Chapter Three: The Bearded Iris
The iris symbolizes many things: faith, wisdom, cherished friendship, hope, valor, my compliments, promise in love, to name a few. Today I am going to focus on cherished friendship. Without my friends I would be lost. I hold them all so very dear to my heart. I still talk to my oldest friend at least once a week. She was born two months after me so when I say she is my oldest friend, I mean it. We grew up within walking distance of each other for the majority of our childhood. We have had ups and downs as all friendships do. We went to different colleges in different states, moved across country from one another yet we continue to be very close friends. Most of the girls that were by my side when Byrd was born were childhood friends that flew in from California, New York, Colorado and every corner of Texas. Girls I have known for at least 20 years were in the room when I was told I had to have an emergency c-section. Old and new friends both were by my side when I married Brad in New Orleans. The new friends are just as dear to my heart and play equally important roles in my life. When I went into labor with Woodson Brad was there to hold my hand as were two of my oldest friends. When the accident happened we were surrounded by new friends in the ER and were completely overwhelmed by the response we received from many social media friends. Isn't it interesting that we are friends with each other without ever spending a moment together in person? Some of you I feel like I have know for my entire life. And most of my dear friends in Atlanta that are my support system in every way are girls I met through social media.

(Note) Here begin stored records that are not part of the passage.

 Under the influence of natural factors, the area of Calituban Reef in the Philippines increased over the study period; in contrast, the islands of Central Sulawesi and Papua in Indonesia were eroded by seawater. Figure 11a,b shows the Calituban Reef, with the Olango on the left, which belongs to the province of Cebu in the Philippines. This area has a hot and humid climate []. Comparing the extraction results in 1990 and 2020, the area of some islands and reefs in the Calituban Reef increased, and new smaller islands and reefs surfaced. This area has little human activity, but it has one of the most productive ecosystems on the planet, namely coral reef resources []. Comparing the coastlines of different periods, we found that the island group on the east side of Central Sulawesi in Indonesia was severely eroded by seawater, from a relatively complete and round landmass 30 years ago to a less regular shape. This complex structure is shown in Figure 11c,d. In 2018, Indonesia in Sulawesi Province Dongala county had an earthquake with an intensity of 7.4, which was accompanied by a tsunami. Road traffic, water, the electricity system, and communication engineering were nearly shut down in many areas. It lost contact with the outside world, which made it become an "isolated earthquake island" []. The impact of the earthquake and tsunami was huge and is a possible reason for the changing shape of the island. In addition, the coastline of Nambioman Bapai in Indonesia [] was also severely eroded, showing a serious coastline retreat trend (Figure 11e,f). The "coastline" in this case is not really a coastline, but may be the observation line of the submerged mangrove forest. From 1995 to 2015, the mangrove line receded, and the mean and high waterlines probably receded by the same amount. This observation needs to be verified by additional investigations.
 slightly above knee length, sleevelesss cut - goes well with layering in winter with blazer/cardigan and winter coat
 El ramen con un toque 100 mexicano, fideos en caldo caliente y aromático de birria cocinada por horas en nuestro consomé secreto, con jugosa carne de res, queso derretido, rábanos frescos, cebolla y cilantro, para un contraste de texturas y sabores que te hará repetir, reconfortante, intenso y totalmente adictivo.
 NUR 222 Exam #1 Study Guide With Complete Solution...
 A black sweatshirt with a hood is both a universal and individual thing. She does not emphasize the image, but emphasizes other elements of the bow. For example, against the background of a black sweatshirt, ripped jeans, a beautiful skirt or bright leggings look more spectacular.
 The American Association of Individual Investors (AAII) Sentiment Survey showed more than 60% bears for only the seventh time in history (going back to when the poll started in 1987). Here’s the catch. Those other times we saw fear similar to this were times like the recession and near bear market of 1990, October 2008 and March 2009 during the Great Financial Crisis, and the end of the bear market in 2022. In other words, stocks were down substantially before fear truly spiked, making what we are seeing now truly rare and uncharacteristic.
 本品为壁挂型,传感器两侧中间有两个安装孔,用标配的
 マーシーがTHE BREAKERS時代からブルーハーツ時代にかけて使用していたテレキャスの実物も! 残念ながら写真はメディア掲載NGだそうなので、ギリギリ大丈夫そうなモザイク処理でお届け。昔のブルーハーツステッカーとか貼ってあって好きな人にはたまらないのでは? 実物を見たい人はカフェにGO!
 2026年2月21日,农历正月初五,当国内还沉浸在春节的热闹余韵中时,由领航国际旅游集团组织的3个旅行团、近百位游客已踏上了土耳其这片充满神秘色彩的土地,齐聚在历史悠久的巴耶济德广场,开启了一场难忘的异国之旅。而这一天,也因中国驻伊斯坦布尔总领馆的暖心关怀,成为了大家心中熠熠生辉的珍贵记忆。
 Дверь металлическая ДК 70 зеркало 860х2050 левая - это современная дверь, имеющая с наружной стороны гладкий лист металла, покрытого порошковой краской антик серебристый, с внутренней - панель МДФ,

We moved to Atlanta in the winter of last year, 2013. I felt very alone and missed my friends very much. And then as spring started to show it's beautiful blooms I began to meet my new friends who will one day be old friends as well. We must remember to cherish the friendships we have, to nurture them and support them just as we would a garden or our children or our significant others. The wonderful thing about friends, and I mean great friends, is that they are always there for you-even if you don't talk for months or even years.
Yesterday my mother, who is one of my best friends, told me that a woman who was part of life as a child passed away. It was the saddest I have been in a long time. It was the loss of an old friend even though I have seen her in many many years. I can see her face, I can hear her voice, I can see her looking out her window down on us in her pool. And I wish I could give her a bouquet of iris.